### [Task goal]
Only the lines that contain the string "ciclismo" belong in the answer; pull them from the records.

─── Source material ───

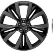
22" 15 paprsků Style 1020 Grey, contrast inserts 029YE
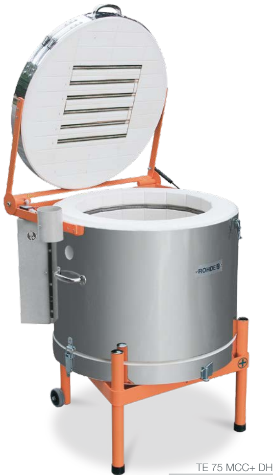
TE 75 MCC+ DH
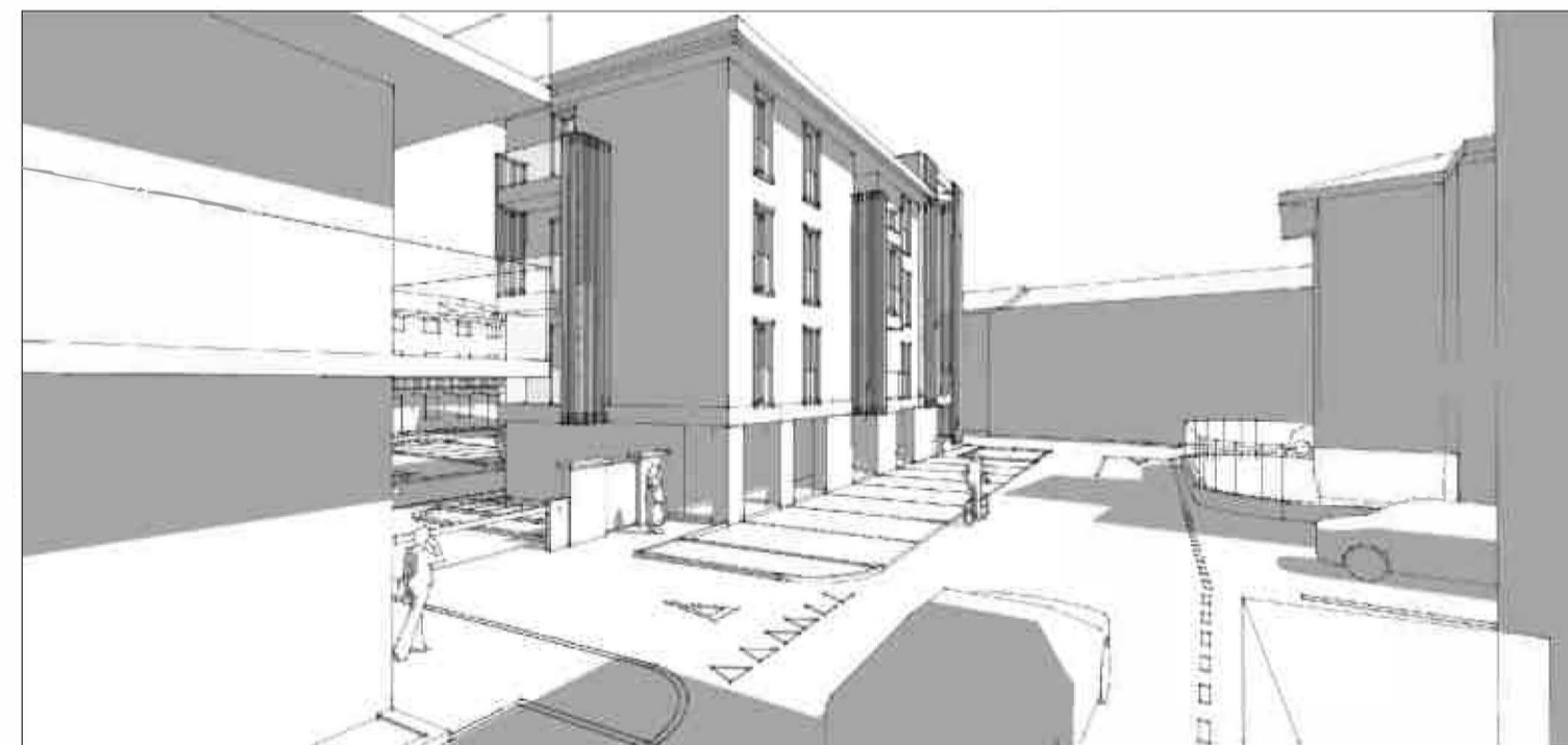
SCHIZZO PROSPETTICO - VISTA DEL COMPARTO DA VIA CESARE BATTISTI LATO NORD.
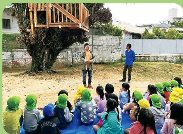
オープン式。作業に大きく関わった方の話を全園児で聞く。
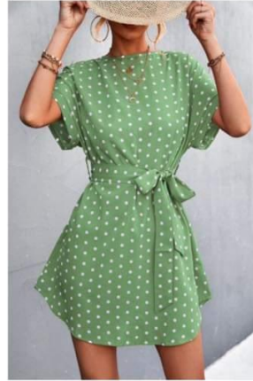
Pöttyös ruha labdázáshoz
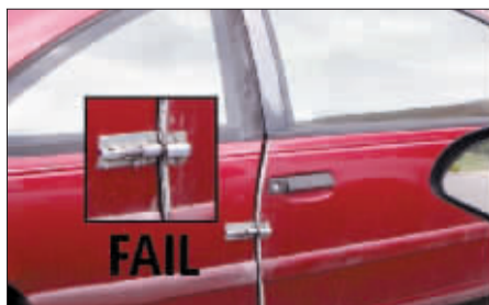
插销安装在车门上。
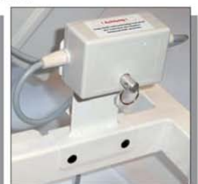
Sperrbox Nr. 1993
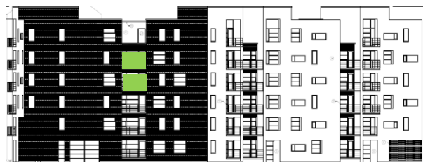
Gatufasad mot sydost
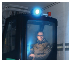
Luz de seguridad con foco azul
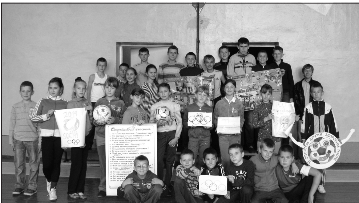
Учасники Олімпійського тижня "Історія – є. Майбутнє – твоє" – учні Великогаївської ЗОШ I-III ст.
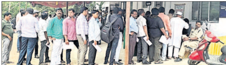
పోస్టల్ బ్యాలెట్ వేసేందుకు బారులు తీరిన ఉద్యోగులు

సర విభాగాల్లో విధులు నిర్వహించే వారు కూడా ఓటు హక్కును పోస్టల్ బ్యాలెట్ ద్వారానే వినియోగించుకుంటున్నారు. ఈనెల 20 నుంచి పోస్టల్ ఓట్ల ప్రక్రియ ప్రారంభం కాగా, ముగియ గడువు సమీపిస్తున్న క్రమంలో రోజురోజుకు పోస్టల్ ఓట్ల సంఖ్య పెరుగుతుంది. ఒక్కో సెగ్మెంట్ పరిధిలో 300కు పైగా ఉద్యోగులు పోస్టల్ బ్యాలెట్లు వేస్తున్నట్లు ఎన్నికల అధికారులు పేర్కొంటున్నారు. గురువారం కరీంనగర్ అసెంబ్లీ రిటర్నింగ్ అధికారి కార్యాలయంలో ఉద్యోగులు వందల సంఖ్యలో బారులు తీరారు. వీరంతా రెండు ఫెసిలిటీషన్ కేంద్రాల్లో పోస్టల్ బ్యాలెట్ ద్వారా ఓటు హక్కు వినియోగించుకున్నారు. సాయంత్రం ఆరు గంటల వరకు కూడా ఓటు హక్కు వినియోగించుకునేందుకు ఉద్యోగులు ఆరేవో కార్యాలయానికి రావడం కనిపించింది. పోస్టల్ ఓట్లు వేసే విధానం కూడా ఈసారి ఎన్నికల కమిషన్ మార్చింది. గతంలో పంపిణీ కేంద్రాలతో పాటు పోలింగ్ విధులు నిర్వహించే కేంద్రంలో కూడా పోస్టల్ ఓటు వేసే అవకాశముండేది. అయితే, ఈసారి
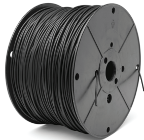
HUSQVARNA AUTOMOWER® BEGRENZUNGSKABEL HEAVY DUTY Ø3,4MM - 500 M 522 91 41-02
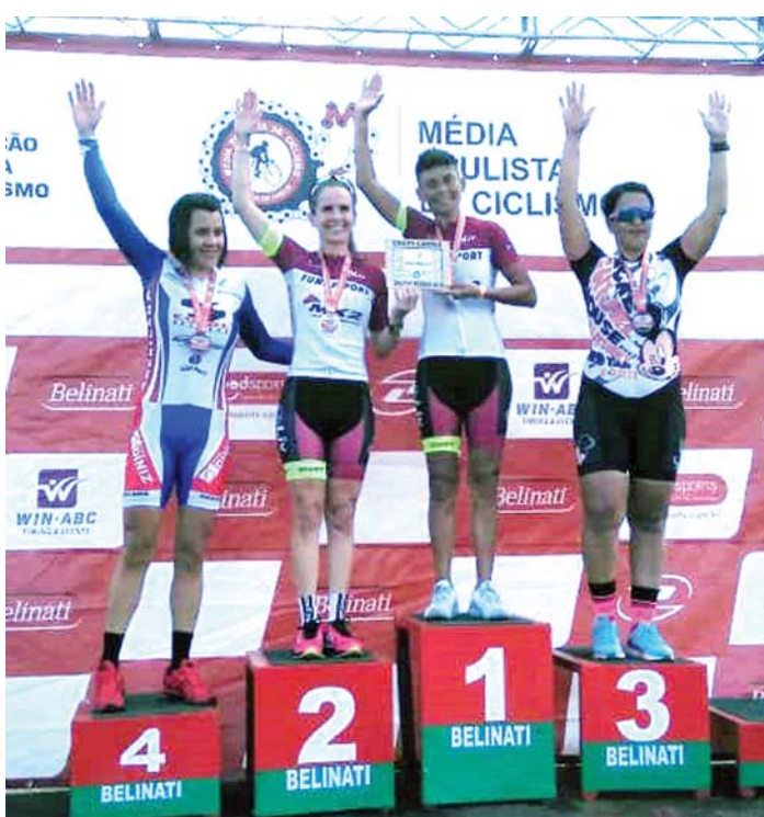
Equipe de ciclismo de Araraquara

A exemplo de 2018, quando apresentou um bom desempenho ao longo do ano, a equipe de ciclismo da Fundesport começa a temporada 2019 conquistando títulos.

───

### [Task answer]
Equipe de ciclismo de Araraquara
A exemplo de 2018, quando apresentou um bom desempenho ao longo do ano, a equipe de ciclismo da Fundesport começa a temporada 2019 conquistando títulos.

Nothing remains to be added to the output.